§ **INSTRUCTIONS FOR THE TASK**
Set down the first line below and each line after it, ending with the one that holds "- Kappesberg Abaixo". Pictures do not belong in the copy.

START DATA SHOWN

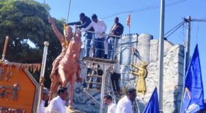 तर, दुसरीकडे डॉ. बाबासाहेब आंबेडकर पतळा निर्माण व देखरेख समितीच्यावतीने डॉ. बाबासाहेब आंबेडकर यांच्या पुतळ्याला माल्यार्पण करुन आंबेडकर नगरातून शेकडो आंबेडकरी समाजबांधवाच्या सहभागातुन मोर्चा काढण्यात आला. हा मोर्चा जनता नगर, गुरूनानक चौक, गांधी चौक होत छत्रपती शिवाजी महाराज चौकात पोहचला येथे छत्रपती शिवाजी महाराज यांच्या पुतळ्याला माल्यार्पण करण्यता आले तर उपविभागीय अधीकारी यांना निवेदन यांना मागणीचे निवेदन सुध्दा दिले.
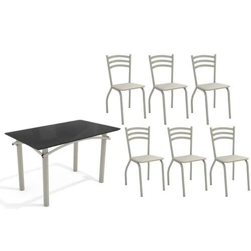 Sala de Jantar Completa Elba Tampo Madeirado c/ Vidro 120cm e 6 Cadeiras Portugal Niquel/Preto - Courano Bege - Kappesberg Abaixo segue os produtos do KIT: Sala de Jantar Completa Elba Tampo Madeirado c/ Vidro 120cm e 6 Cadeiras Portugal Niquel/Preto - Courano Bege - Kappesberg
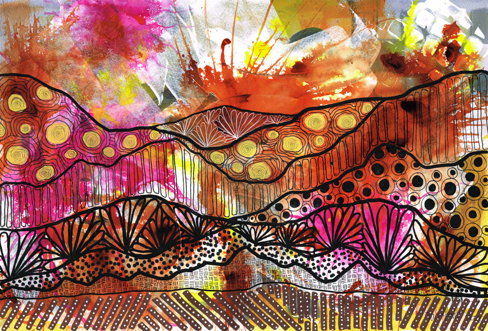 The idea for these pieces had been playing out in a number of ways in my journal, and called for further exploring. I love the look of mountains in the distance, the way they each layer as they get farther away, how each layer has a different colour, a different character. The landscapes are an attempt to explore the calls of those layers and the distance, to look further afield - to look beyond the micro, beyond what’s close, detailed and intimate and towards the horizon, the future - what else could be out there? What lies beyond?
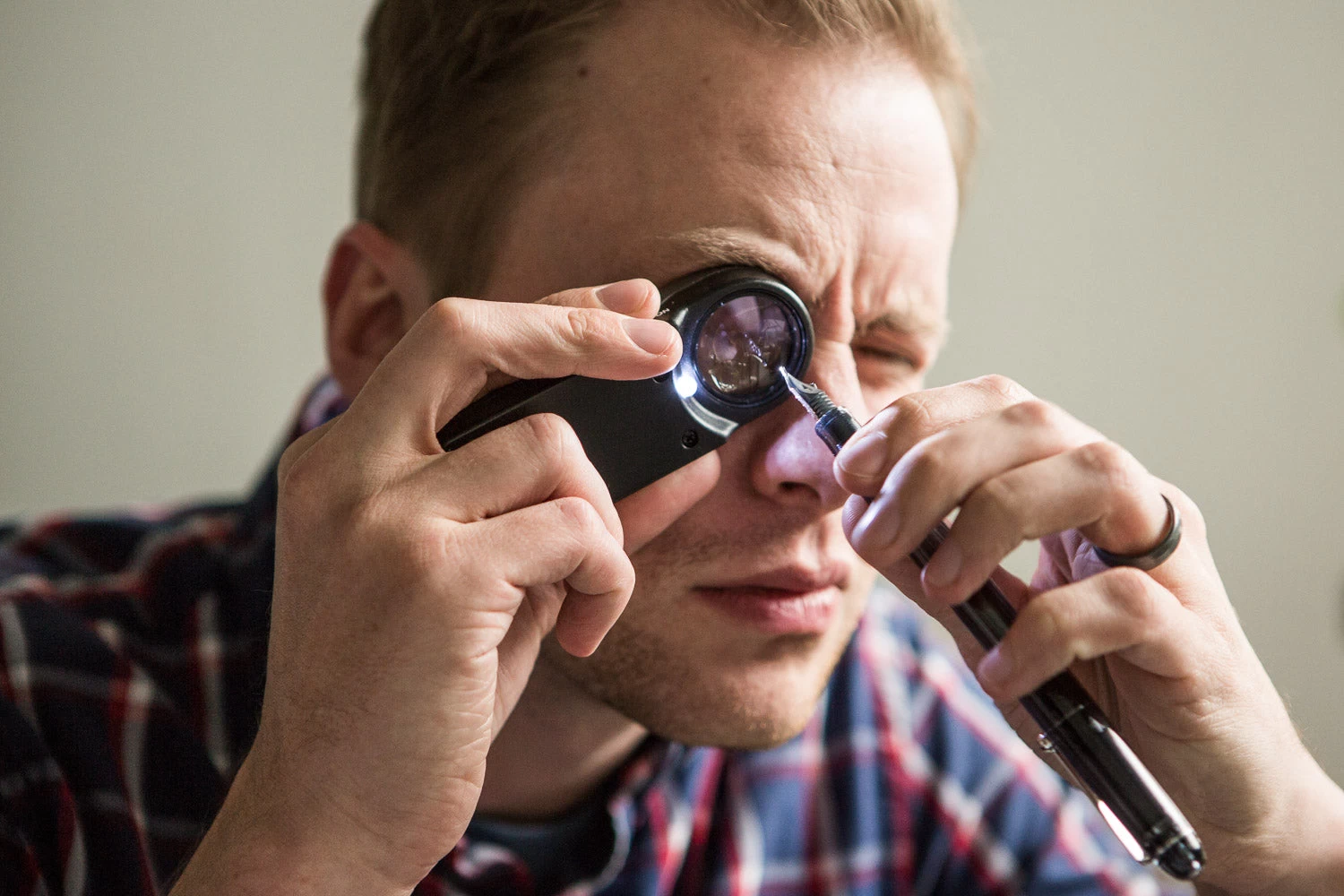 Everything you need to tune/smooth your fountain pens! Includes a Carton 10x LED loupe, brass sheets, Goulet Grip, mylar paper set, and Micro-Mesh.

END DATA SHOWN

§ **TASK RESPONSE**
 तर, दुसरीकडे डॉ. बाबासाहेब आंबेडकर पतळा निर्माण व देखरेख समितीच्यावतीने डॉ. बाबासाहेब आंबेडकर यांच्या पुतळ्याला माल्यार्पण करुन आंबेडकर नगरातून शेकडो आंबेडकरी समाजबांधवाच्या सहभागातुन मोर्चा काढण्यात आला. हा मोर्चा जनता नगर, गुरूनानक चौक, गांधी चौक होत छत्रपती शिवाजी महाराज चौकात पोहचला येथे छत्रपती शिवाजी महाराज यांच्या पुतळ्याला माल्यार्पण करण्यता आले तर उपविभागीय अधीकारी यांना निवेदन यांना मागणीचे निवेदन सुध्दा दिले.
 Sala de Jantar Completa Elba Tampo Madeirado c/ Vidro 120cm e 6 Cadeiras Portugal Niquel/Preto - Courano Bege - Kappesberg Abaixo segue os produtos do KIT: Sala de Jantar Completa Elba Tampo Madeirado c/ Vidro 120cm e 6 Cadeiras Portugal Niquel/Preto - Courano Bege - Kappesberg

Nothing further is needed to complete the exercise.